● **WHAT YOU NEED TO DO**
What is the number of lines below that hold "Minister"? Answer with that number only.

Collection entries
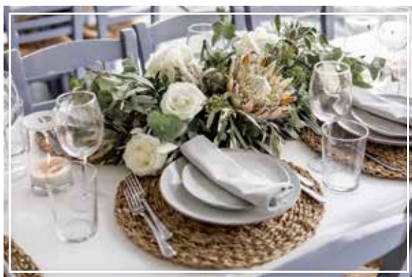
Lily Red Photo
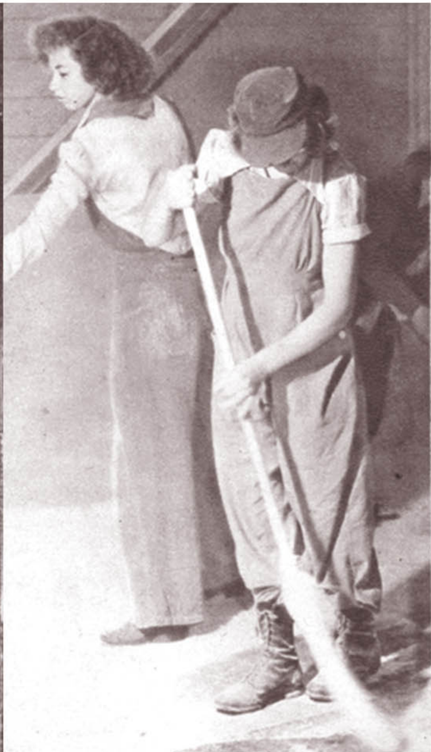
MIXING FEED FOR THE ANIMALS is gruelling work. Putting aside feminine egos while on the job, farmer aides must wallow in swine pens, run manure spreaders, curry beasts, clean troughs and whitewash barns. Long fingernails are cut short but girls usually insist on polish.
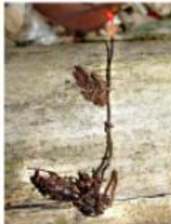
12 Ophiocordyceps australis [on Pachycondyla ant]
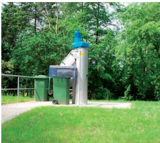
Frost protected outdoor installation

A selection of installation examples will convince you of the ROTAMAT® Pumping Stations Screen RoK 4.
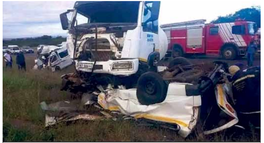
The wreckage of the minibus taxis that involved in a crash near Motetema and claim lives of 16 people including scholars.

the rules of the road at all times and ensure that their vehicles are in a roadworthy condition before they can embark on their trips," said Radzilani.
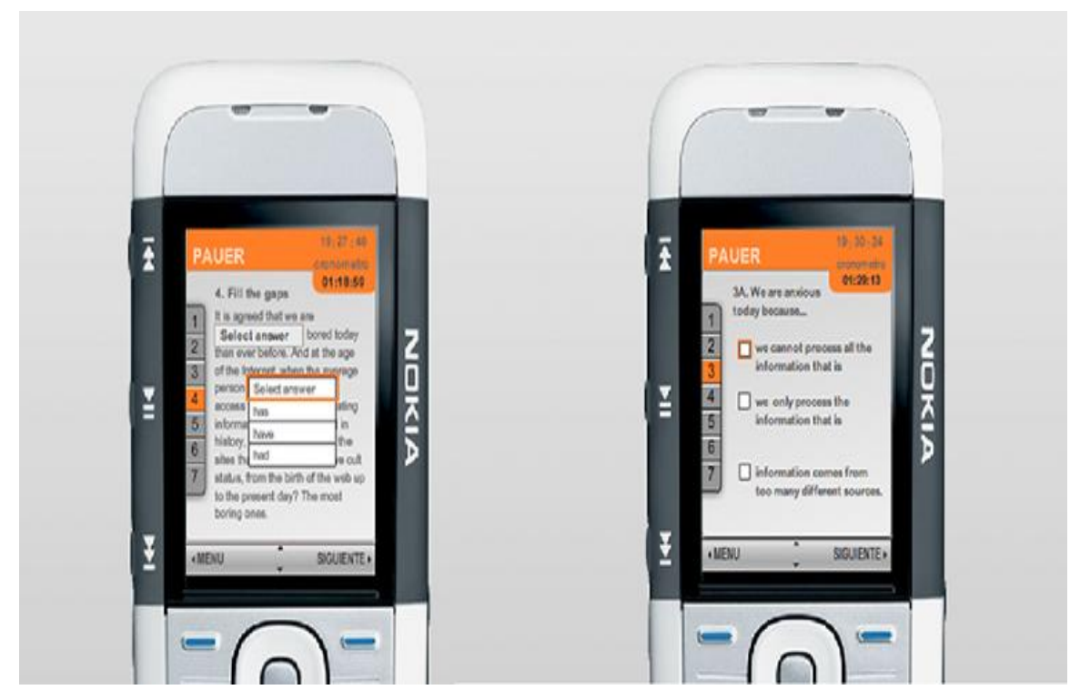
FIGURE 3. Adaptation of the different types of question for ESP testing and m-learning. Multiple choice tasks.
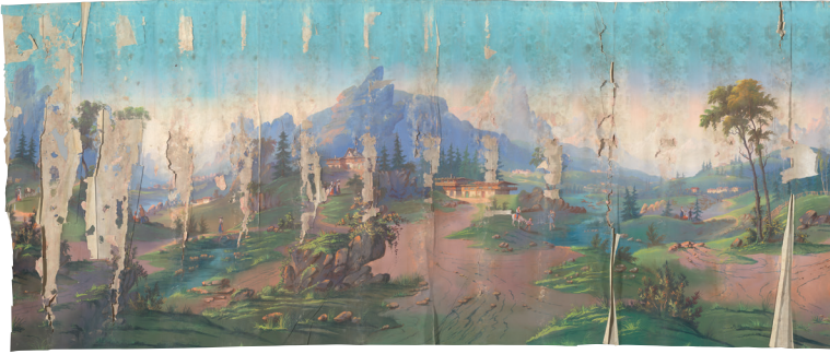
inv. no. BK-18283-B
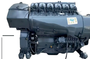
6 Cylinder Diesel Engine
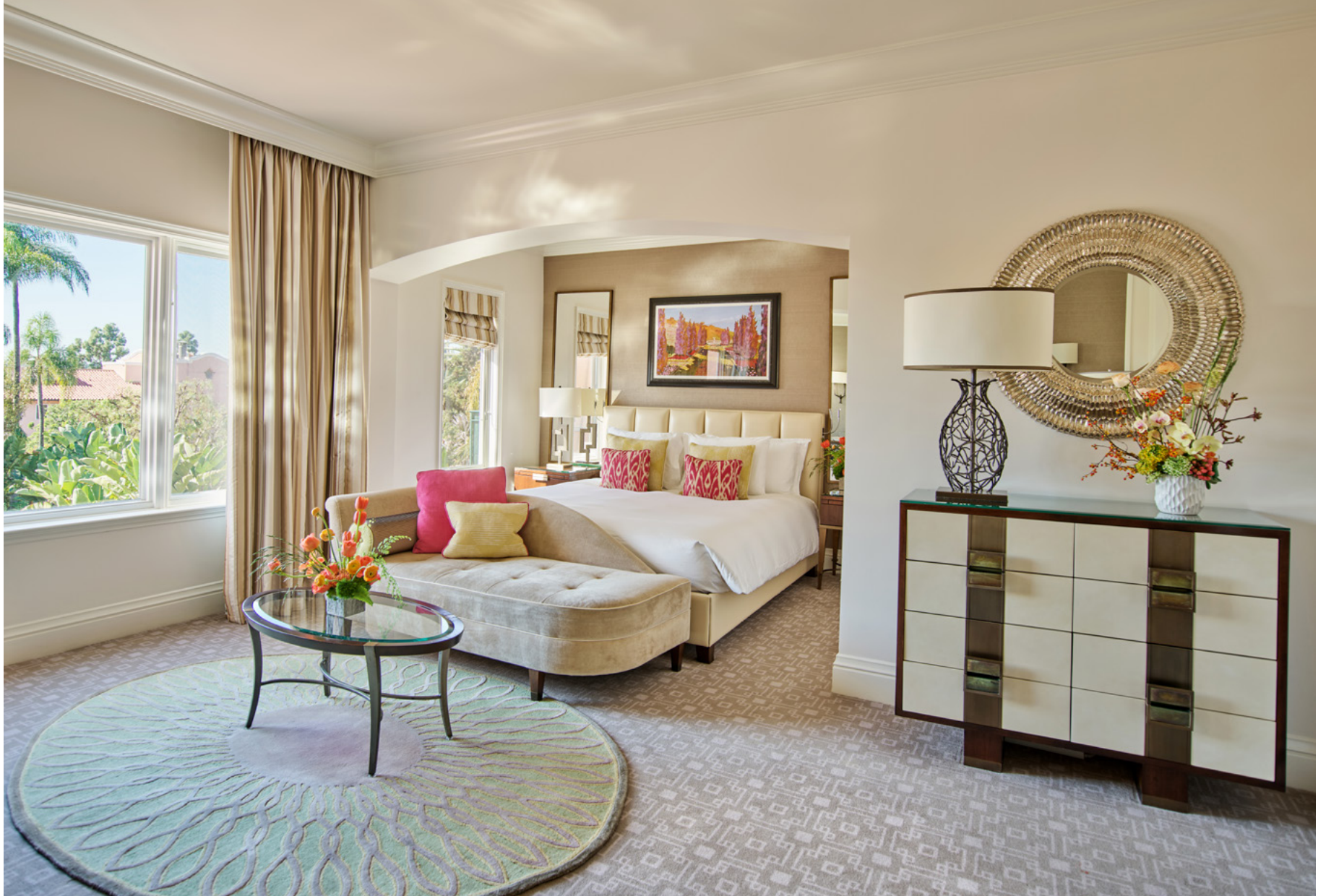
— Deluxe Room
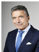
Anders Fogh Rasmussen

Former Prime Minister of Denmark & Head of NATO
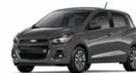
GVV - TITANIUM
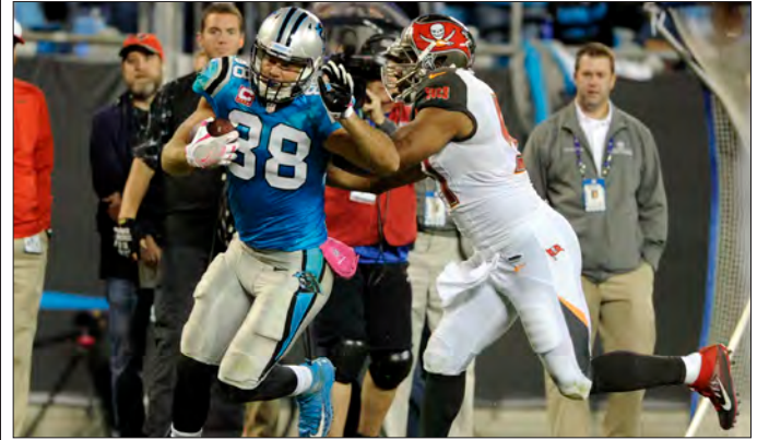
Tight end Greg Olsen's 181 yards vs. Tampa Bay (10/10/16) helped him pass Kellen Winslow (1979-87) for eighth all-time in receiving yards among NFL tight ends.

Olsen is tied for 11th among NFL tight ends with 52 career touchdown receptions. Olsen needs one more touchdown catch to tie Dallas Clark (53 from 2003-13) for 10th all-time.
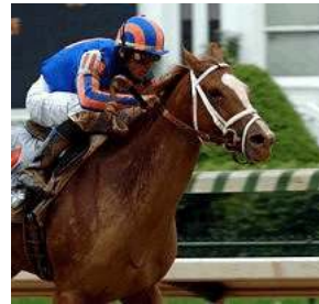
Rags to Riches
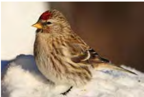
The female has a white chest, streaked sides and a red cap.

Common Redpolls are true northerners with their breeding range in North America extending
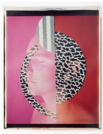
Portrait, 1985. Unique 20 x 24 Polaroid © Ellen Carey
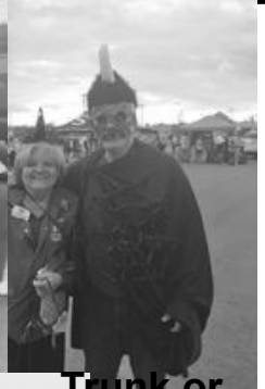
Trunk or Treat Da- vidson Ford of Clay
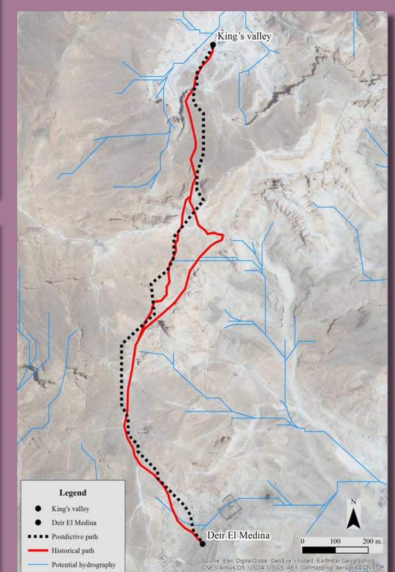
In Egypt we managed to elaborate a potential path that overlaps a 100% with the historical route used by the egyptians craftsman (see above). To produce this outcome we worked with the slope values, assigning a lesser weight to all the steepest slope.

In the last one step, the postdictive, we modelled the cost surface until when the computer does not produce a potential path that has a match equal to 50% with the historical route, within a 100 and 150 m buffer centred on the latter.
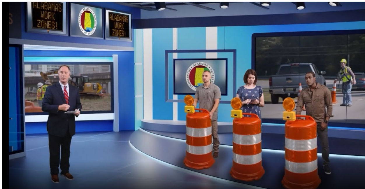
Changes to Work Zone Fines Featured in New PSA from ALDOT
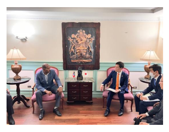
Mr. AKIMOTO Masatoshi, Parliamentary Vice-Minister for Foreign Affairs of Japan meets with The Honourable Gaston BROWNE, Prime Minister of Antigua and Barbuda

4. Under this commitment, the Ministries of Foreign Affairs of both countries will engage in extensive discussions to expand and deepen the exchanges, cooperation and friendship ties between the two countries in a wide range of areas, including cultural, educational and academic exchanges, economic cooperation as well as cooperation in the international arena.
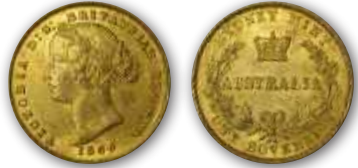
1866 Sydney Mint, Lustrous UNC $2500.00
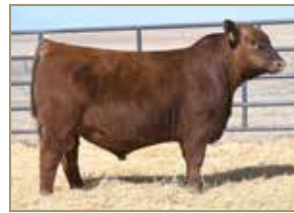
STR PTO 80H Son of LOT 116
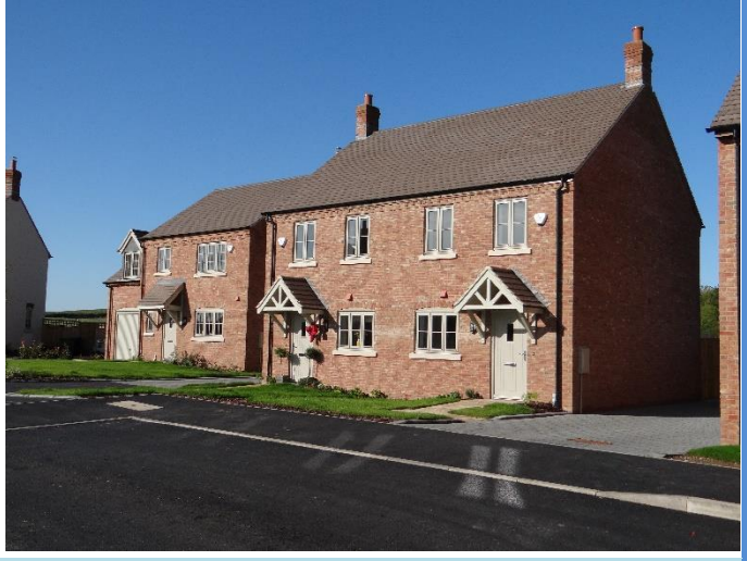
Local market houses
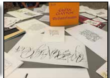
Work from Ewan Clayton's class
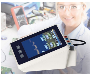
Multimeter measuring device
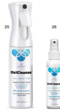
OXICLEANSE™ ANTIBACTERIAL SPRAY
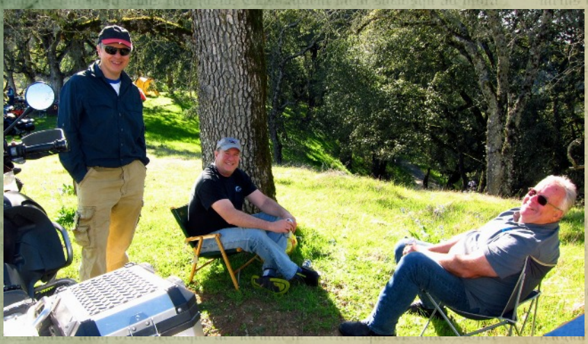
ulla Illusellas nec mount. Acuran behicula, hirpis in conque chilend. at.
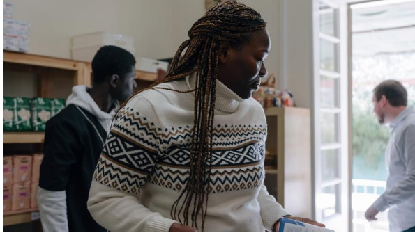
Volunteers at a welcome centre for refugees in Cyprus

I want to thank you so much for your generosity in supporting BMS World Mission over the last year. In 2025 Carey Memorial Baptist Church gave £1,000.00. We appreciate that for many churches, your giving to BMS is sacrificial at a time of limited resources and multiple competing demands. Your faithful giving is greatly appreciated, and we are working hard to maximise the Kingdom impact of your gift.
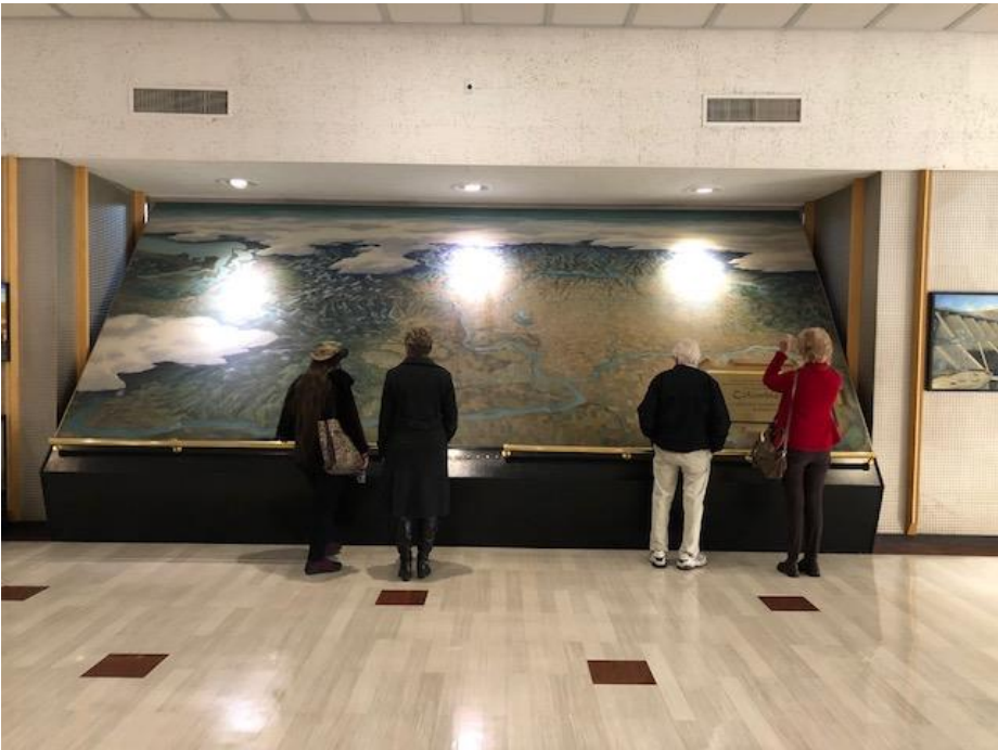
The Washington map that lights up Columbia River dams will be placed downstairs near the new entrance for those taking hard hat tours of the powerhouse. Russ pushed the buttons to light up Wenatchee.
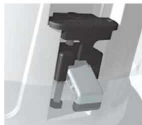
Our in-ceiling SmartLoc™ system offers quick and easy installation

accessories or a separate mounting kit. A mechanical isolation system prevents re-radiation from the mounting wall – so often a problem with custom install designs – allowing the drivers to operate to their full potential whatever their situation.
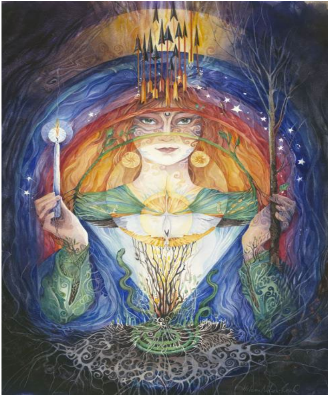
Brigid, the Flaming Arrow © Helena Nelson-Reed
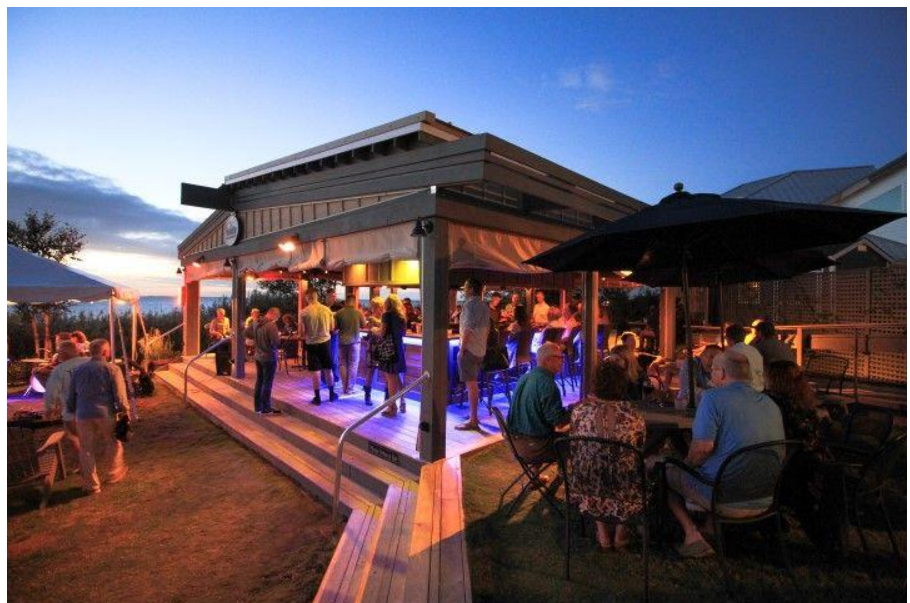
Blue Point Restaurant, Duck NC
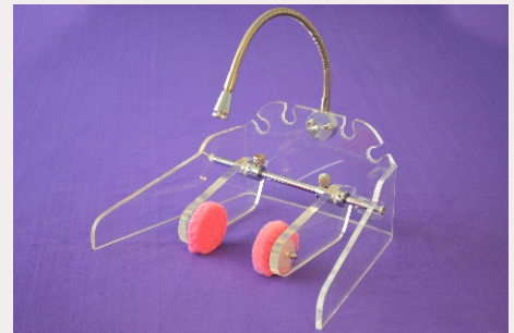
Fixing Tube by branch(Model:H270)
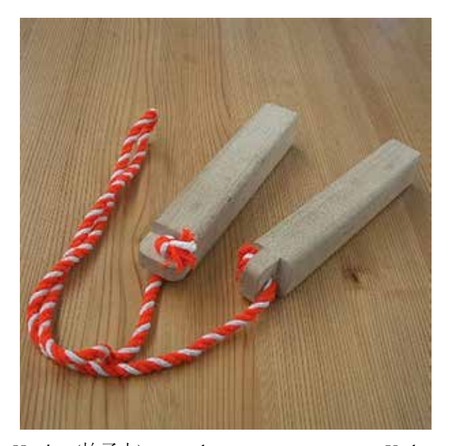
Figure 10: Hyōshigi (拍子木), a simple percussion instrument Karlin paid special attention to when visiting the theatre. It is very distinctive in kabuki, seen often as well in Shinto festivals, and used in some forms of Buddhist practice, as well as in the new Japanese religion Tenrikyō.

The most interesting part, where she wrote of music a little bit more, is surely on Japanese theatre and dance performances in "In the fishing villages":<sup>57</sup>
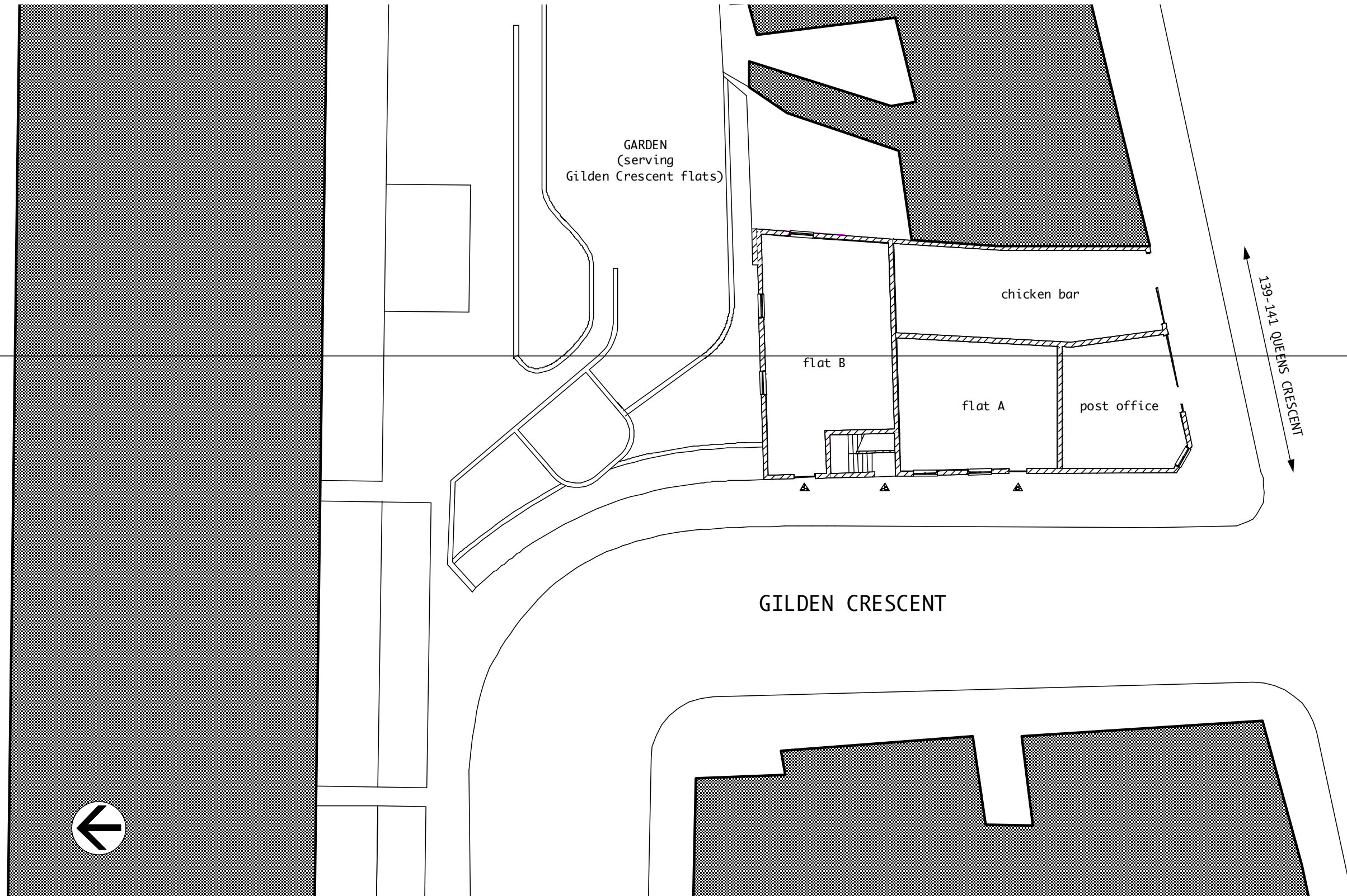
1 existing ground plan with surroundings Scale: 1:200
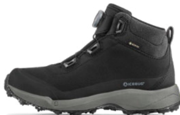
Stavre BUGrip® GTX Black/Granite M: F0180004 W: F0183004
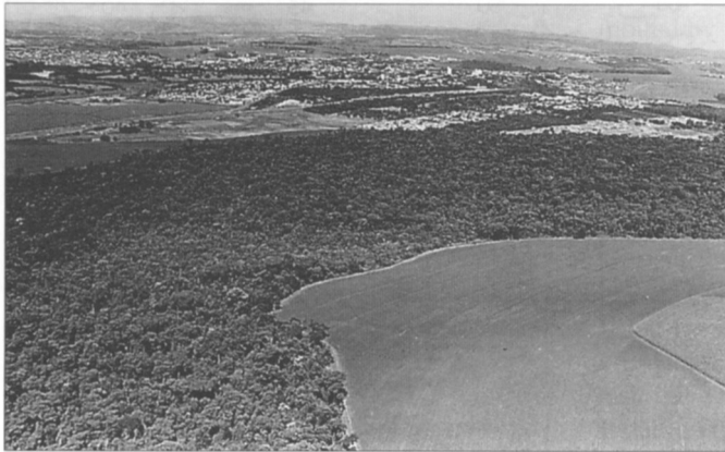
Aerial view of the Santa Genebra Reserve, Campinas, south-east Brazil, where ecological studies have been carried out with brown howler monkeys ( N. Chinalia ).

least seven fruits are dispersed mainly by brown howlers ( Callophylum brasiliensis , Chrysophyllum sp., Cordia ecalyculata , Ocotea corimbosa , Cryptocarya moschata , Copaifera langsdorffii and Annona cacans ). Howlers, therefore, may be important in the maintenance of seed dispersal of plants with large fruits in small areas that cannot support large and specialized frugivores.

● **RESPONSE TO THIS EXERCISE**
2